Data:
Content starts

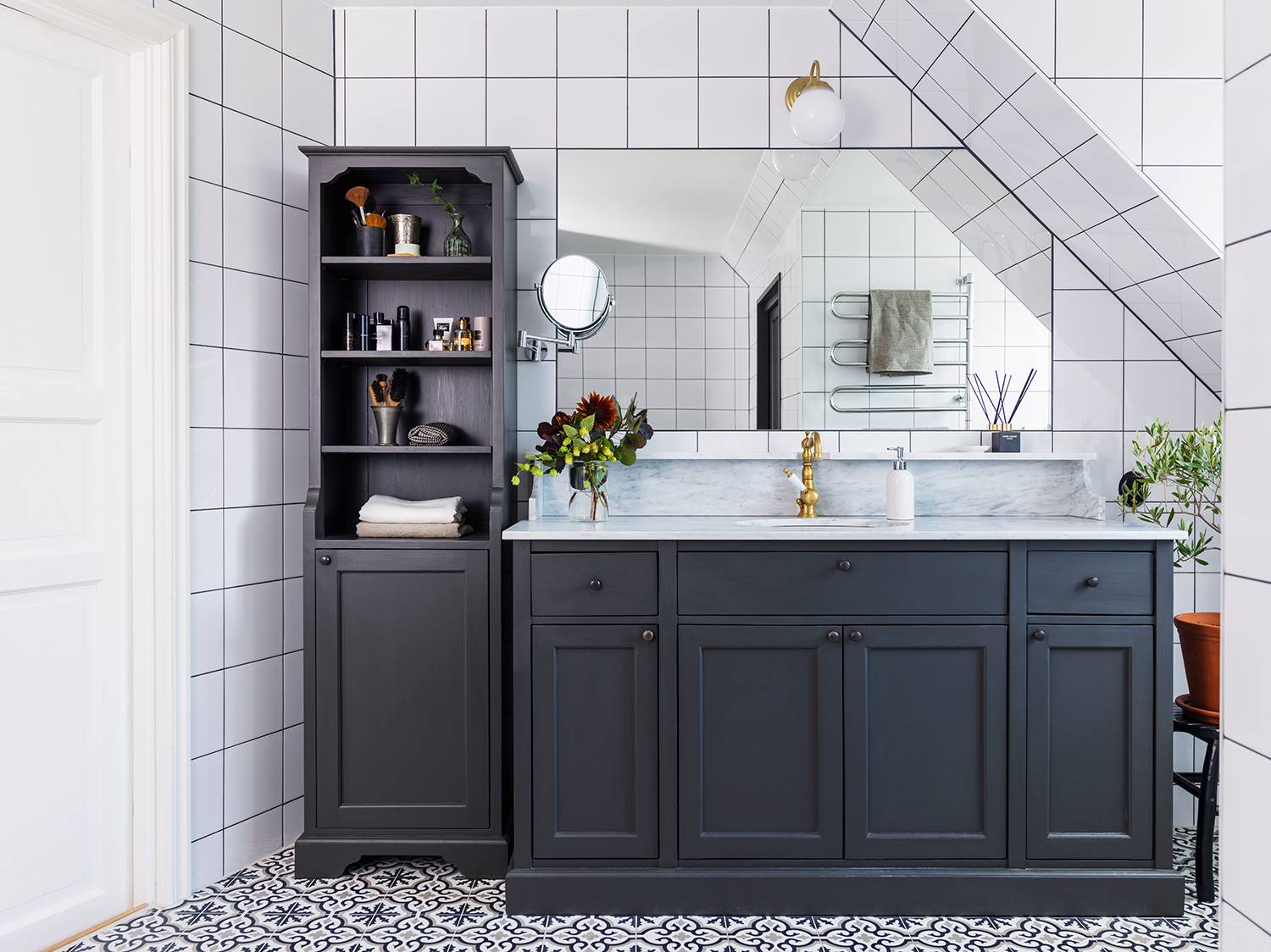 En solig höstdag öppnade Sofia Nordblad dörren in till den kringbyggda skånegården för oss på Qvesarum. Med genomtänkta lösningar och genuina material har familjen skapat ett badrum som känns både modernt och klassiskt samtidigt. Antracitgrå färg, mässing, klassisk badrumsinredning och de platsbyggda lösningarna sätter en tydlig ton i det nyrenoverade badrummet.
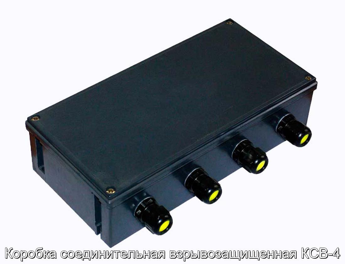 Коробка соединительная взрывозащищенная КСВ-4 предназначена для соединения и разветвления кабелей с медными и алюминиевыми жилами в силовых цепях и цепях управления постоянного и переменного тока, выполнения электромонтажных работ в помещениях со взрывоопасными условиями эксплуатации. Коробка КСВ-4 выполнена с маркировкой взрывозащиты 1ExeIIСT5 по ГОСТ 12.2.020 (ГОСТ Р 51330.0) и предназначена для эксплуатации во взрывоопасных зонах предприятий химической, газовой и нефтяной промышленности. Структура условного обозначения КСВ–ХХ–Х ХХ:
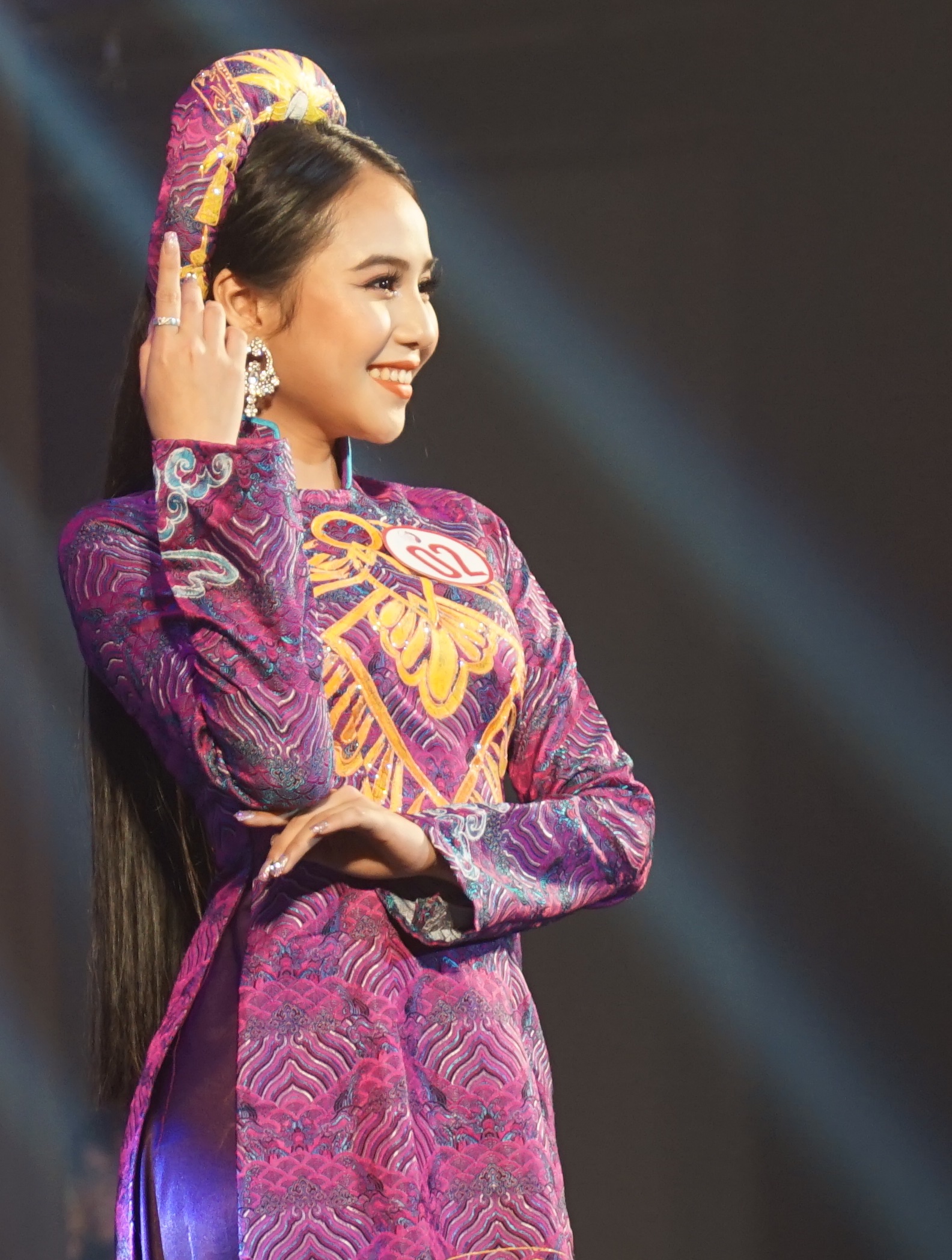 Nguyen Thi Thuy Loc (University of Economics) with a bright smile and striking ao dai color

Content ends

What is expected:
The result should be the full material above, word for word, with its pictures omitted.

The answer:
 En solig höstdag öppnade Sofia Nordblad dörren in till den kringbyggda skånegården för oss på Qvesarum. Med genomtänkta lösningar och genuina material har familjen skapat ett badrum som känns både modernt och klassiskt samtidigt. Antracitgrå färg, mässing, klassisk badrumsinredning och de platsbyggda lösningarna sätter en tydlig ton i det nyrenoverade badrummet.
 Коробка соединительная взрывозащищенная КСВ-4 предназначена для соединения и разветвления кабелей с медными и алюминиевыми жилами в силовых цепях и цепях управления постоянного и переменного тока, выполнения электромонтажных работ в помещениях со взрывоопасными условиями эксплуатации. Коробка КСВ-4 выполнена с маркировкой взрывозащиты 1ExeIIСT5 по ГОСТ 12.2.020 (ГОСТ Р 51330.0) и предназначена для эксплуатации во взрывоопасных зонах предприятий химической, газовой и нефтяной промышленности. Структура условного обозначения КСВ–ХХ–Х ХХ:
 Nguyen Thi Thuy Loc (University of Economics) with a bright smile and striking ao dai color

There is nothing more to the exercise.